Stanford Cancer Institute




Cancer clinical trials launched at Stanford clinic in Emeryville

Emeryville Building

Stanford’s Emeryville cancer clinic opened in September 2020 to make high-quality cancer care accessible to residents in the East Bay. The clinic has medical and surgical oncology services available and is now expanding into cancer clinical trials.  

The trial opened at the Emeryville clinic in April 2024 and is led by Stanford Cancer Institute (SCI) member Jennifer Caswell-Jin, MD. SCI member Candice Thompson, MD, co-principal investigator of the study and breast surgeon at the Emeryville location, says that the study examines ER+ breast cancer subtypes and asseses tumor response to antiestrogen medications before surgery or treatment. 

Thompson said, “The trial was initially opened in the Palo Alto and South Bay clinic locations, and we opened it in Emeryville because we had a lot of patients that were being referred for the trial, but they had to travel to Palo Alto or South Bay to participate.”

Jessica Liang, patient care manager at the Emeryville cancer clinic, says that transportation is a barrier for patients, especially if enrolling in a clinical trial means crossing a bridge to Palo Alto. 

“Being able to offer trials locally where they don’t have to travel too far means a lot in terms of providing the same standard of care to patients and having access where it wasn’t previously available.” 

Caswell-Jin spoke with Thompson to bring the study to Emeryville, and they had to ensure resources were in place to provide the same level of care. This includes available clinical trial coordinators, carriers that can bring specimens from one location to another, and the ability to repeat biopsies if needed.

Pamela Herena, director of clinical operations at the Stanford Cancer Institute Clinical Trials Office, says the Emeryville clinic started its research journey in January 2024 when two physicians became Stanford faculty, a requirement to partake in research. 
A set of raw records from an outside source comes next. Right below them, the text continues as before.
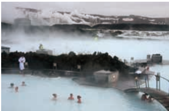
アイスランドの「ブルーラグーン」。スバルツェンギ地熱発電所(中央奥)の温排水を利用した温泉保養施設。入場料は35ユーロ(約5千円)から(右顔写真とも中日新聞社提供)
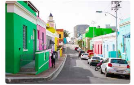
The colorful houses in Cape Town's Bo-Kaap symbolize the freedom and the end of slavery.

Vilakazi Street, разположена в Совето, Йоханесбург , е единствената улица в света, която е била дом на двама носители на Нобелова награда за мир: Нелсън Мандела и архиепископ Дезмънд Туту. Тази улица се превърна в символ на борбата за свобода и равенство в Южна Африка. И Мандела, и Туту са живели тук в различни периоди от живота си.
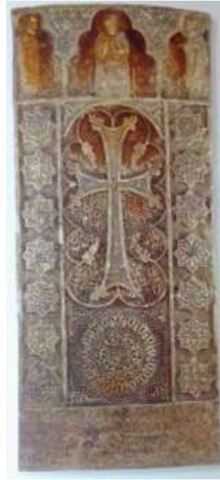
Նկ. 5. Նորավանք, Մովսիկ վարպետի խաչքար, 1308 թ., այժմ՝ Էջմիածնում
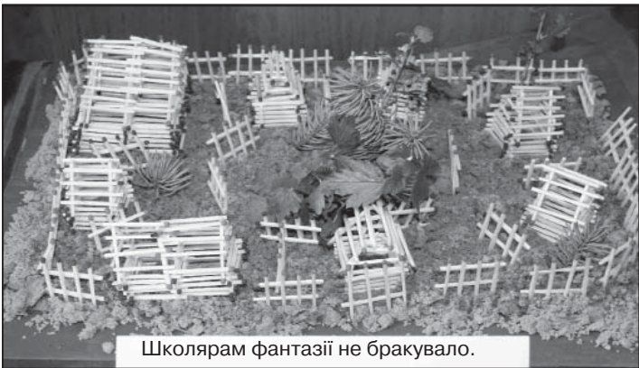
Школярям фантазії не бракувало.

Herena says, “We started that initiation and utilized this first trial as our pilot, where we would help walk all the different departments through how and what their involvement is with research and clinical trials.” 

Herena and her team provided overall training on completing feasibility to ensure they meet the requirements of this study and future trials, instructing everyone in their roles to implement the study, and providing a high-level overview to staff on ethical practices, good clinical practice guidelines, and other protection components. 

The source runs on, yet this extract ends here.